Just a Gal from Glidden: Local publisher roasts petunias
By Kate Winquist
As I look up from my office desk, I see the beautiful greenery of a succulent plant. No, it wasn't purchased from one of our area greenhouses. I am embarrassed to say that it isn't even real. It seems the only plants that survive in my presence are plastic.
I've tried to have plants over the years.
When Robert and I first moved in together in 1997, I received a housewarming plant from my Mom. It was a lovely dieffenbachia plant named Olive after the wife of former Prime Minister John Diefenbaker. Mom thought she was pretty clever with that one.
Young love, old plant. Kate and Robert at their house in Shaunavon in 1999, with Olive the dieffenbachia stretching toward the ceiling behind them.
Oddly enough, Olive survived us for several years.
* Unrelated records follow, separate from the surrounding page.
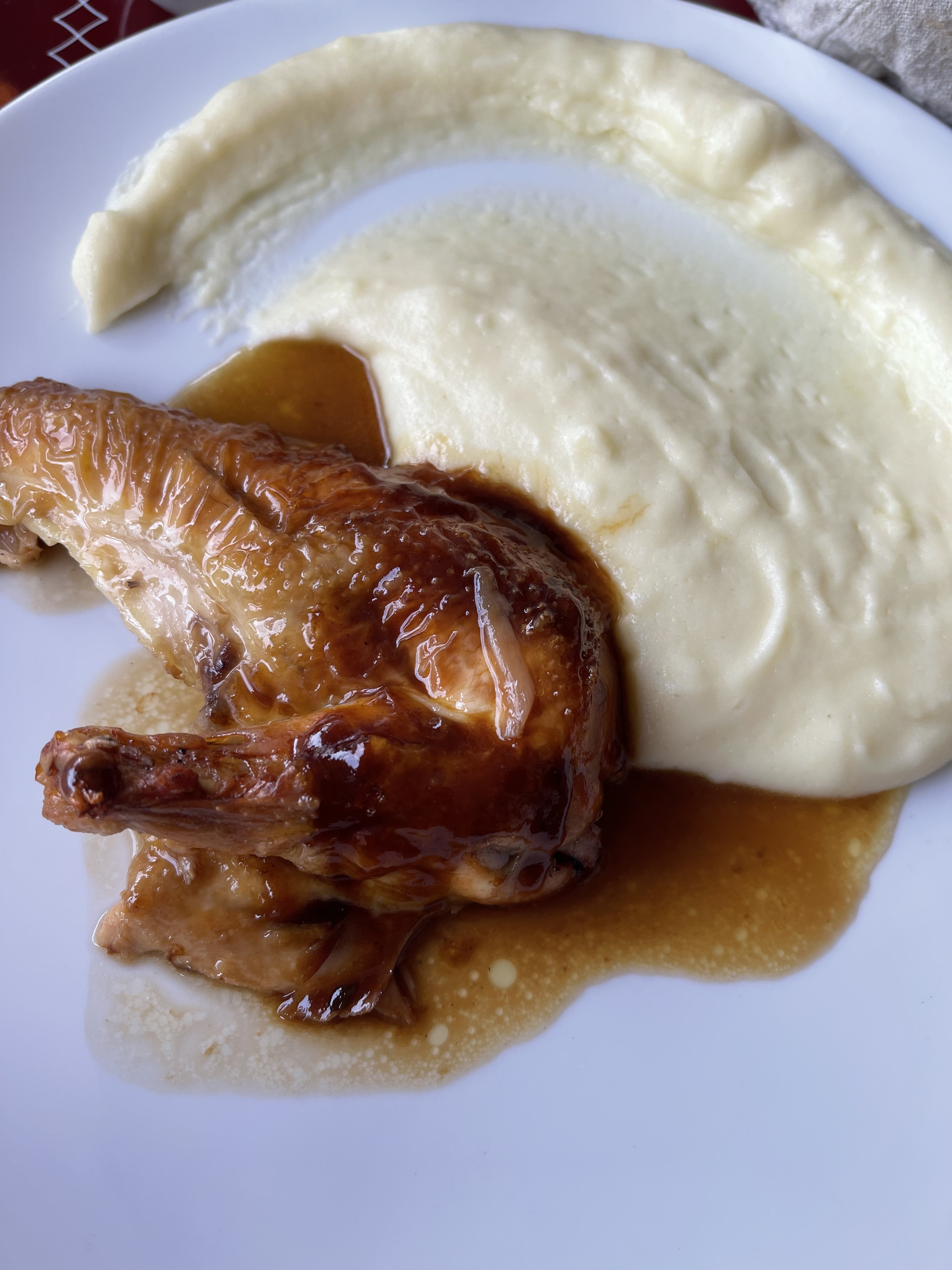 Excellente recommandation de vin et poulet incroyable et purée d'ail au jus.
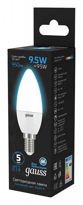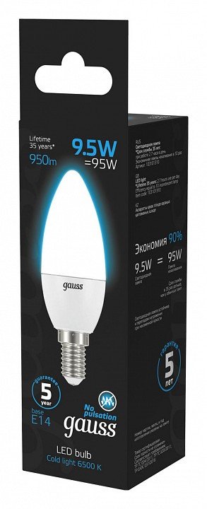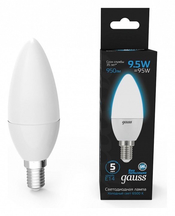 Главная Лампочки Лампа светодиодная Gauss E14 9.5W 6500K матовая 103101310
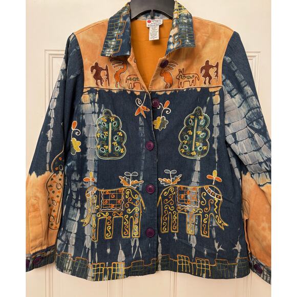 VTG Medium Sandy Starkman Embroidered Women's Jacket Elephants Cotton EUC
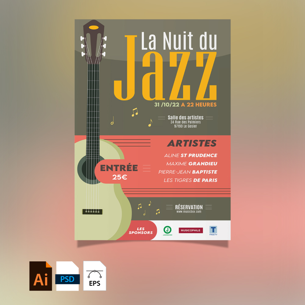 Modèle de flyer vectoriel destiné à promouvoir un événement musical (Concerts ou festivals de musique).
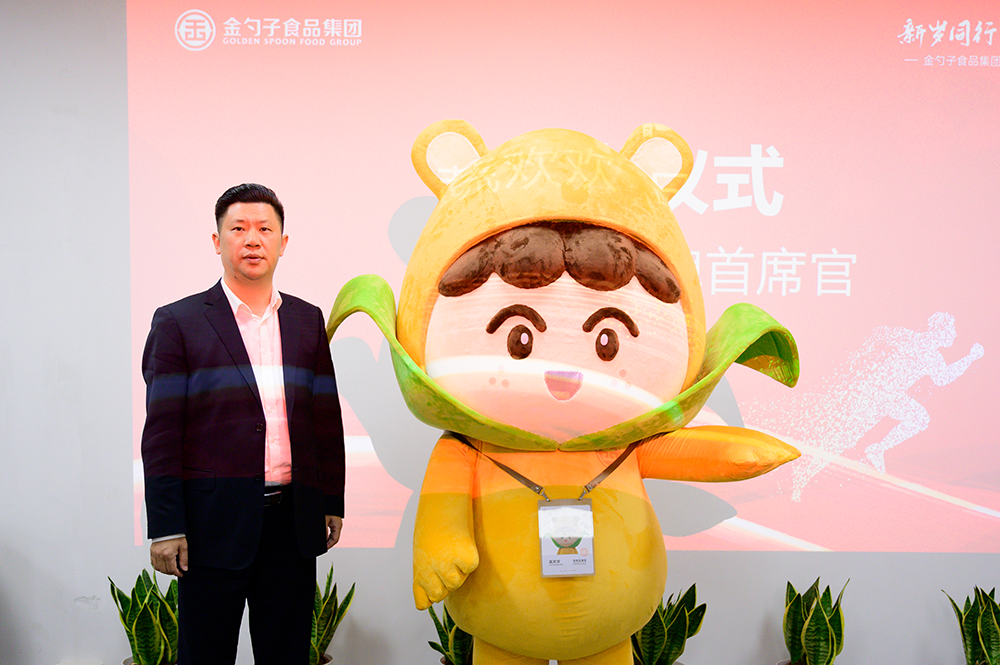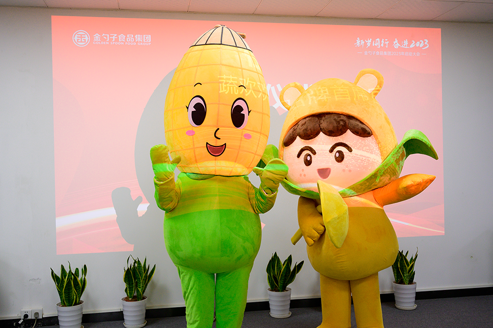 下午,在大家的見證下,舉行谷小兜和蔬歡歡的交接儀式,完成企業IP形象蔬歡歡任命儀式。意味著從今天起,麥小谷正式退出歷史的舞臺,蔬歡歡正式成為金勺子食品集團的首席品牌官,陪伴公司和大家共同成長。

The plant grew to quite a height and every so often you'd wake up in the morning to find Olive lying flat on the living room floor because she had become top heavy during the night. Apparently even houseplants can throw themselves dramatically to the ground for attention.
Dieffenbachias are poisonous, so after Devin was born in 2002, we gave Olive to our friends Jim and Rose in Medicine Hat. I figured it was best not to have a toxic plant around a toddler who put everything in his mouth.
In the years since, I have not managed to keep many plants alive.
Thankfully I had better luck raising children.
A year after Devin was born, we ventured off on a summer holiday. That spring, we had spent a small fortune on hanging baskets and flowers. We watered them faithfully and admired them daily like proud first-time gardeners.
Before we left, we moved all the flowers into the garage where it stayed nice and cool. We wouldn't be gone long. They should be fine.
There was just one problem.
Our garage was a converted lean-to and the air conditioner sat underneath the step. Before leaving, we forgot to turn the air conditioner off.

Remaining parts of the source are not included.